А посвятили свою работу наши составители комментария памяти старшего брата писателя — Бориса Иосифовича Коваля (05.07.1930 — 04.06.2016), которого не стало в те дни, когда они, судя по всему, завершали свой труд. В «Предуведомлении к комментарию» есть даже историческая теперь фотография, где на кухне напротив брата Ю. К. сидит Олег Лекманов, а между ними — коробочка шоколадных конфет…
Ну а сам Борис Коваль — это, конечно же, — Крендель, тот самый, из «Пяти похищенных монахов», ищущий своих украденных голубей[6]. Старший брат немногословного Юрки, у которого на все случаи жизни припасено коронное присловье «ЕЩЕ БЫ».
С ностальгическим изумлением разглядывал я иные фотографии, размещенные справа от тех или иных комментариев, — будь то самодельный нож с пластмассовой наборной ручкой или какая ушедшая в прошлое техническая деталь бытового прибора.

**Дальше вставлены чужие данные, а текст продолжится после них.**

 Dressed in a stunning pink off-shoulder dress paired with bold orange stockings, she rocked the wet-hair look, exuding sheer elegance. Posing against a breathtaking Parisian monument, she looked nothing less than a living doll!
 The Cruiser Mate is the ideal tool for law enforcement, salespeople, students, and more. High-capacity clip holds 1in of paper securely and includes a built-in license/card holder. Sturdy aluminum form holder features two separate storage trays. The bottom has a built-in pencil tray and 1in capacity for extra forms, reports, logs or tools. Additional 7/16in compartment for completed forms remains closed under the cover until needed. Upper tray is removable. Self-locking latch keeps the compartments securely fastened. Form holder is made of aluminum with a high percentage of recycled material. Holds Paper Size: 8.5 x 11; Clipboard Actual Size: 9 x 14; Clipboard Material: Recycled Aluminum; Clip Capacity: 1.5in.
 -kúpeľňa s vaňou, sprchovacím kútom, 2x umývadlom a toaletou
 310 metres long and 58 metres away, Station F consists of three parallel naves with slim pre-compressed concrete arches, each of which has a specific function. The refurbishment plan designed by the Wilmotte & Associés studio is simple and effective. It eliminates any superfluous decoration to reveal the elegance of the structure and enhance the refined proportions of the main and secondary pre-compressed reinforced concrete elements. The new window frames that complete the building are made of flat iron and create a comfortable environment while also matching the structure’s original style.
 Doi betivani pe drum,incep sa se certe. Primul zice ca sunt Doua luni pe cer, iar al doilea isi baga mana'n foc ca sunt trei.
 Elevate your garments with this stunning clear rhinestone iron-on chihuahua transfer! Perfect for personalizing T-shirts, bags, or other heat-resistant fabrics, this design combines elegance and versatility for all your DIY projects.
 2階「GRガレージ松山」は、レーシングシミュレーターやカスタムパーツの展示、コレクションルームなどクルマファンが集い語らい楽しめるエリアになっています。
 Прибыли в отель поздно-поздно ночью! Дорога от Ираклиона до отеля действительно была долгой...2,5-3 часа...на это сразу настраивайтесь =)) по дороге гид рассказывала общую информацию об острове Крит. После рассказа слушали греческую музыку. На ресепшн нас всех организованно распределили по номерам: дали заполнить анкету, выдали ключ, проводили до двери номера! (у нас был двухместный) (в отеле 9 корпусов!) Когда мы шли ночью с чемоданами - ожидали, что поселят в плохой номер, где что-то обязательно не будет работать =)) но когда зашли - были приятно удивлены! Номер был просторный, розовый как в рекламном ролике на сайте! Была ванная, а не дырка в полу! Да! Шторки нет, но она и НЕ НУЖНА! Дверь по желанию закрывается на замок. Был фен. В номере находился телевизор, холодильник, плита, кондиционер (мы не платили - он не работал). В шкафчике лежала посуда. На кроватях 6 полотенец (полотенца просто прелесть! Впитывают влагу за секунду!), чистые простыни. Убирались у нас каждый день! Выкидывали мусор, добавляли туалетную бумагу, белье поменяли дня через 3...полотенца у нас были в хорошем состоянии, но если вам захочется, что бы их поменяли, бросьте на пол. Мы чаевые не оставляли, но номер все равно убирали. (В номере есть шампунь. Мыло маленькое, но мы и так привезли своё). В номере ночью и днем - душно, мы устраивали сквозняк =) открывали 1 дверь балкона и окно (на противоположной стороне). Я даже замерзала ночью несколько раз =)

«…Что-то захрустело в телевизоре… из него, как из посылки, высыпались какие-то стеклянные орехи. Современным читателям, видимо, уже следует объяснить, что имеются в виду радиолампы — электронная „начинка” тогдашних телевизоров».
И рядом — фотки.
Один раз, помню, меня даже охватил страх: ох, память слабеет. А ведь были же в Москве, были заведения под названием «Бутербродная»! Как я мог забыть…
А один раз — и того пуще.
«...трубу, на которой написано было — „1959”, чтоб в будущем люди не мучились, размышляя, в какую эпоху возведено это сооружение. Традиция, над которой потешается здесь К., — „встраивать” в кладку ничем не примечательных краснокирпичных труб всевозможные надписи (в первую очередь — дату постройки) кирпичами другого цвета — возникла в России еще в самом начале XX в. В Костер-7 (первая, журнальная публикация — П. К.) еще более иронично: „...в какую эпоху было возведено это достойное сооружение”».
Рядом — фото подобной трубы, с плохо видимой датой. И под снимком написано: «Москва. Труба котельной между Измайловским шоссе и Щербаковской улицей. Фотограф А. Самойлик».
И тут я подумал: а не под этой ли самой трубой мы с корешами-одноклассниками по нашей школе-восьмилетке под номером 454 (ныне не существующей), братьями Андрюхой Циплаковым и Геркой Микалиным, — решали некоторые вопросы современного нам бытия в году так 1974-м? Жили-то мы аккурат на Щербаковке, рядом с тем самым Измайловским шоссе, и трубу я эту отлично помню. А потом метрошные пятаки ходили подкладывать на рельсы — на Электрозаводскую… О, Боже!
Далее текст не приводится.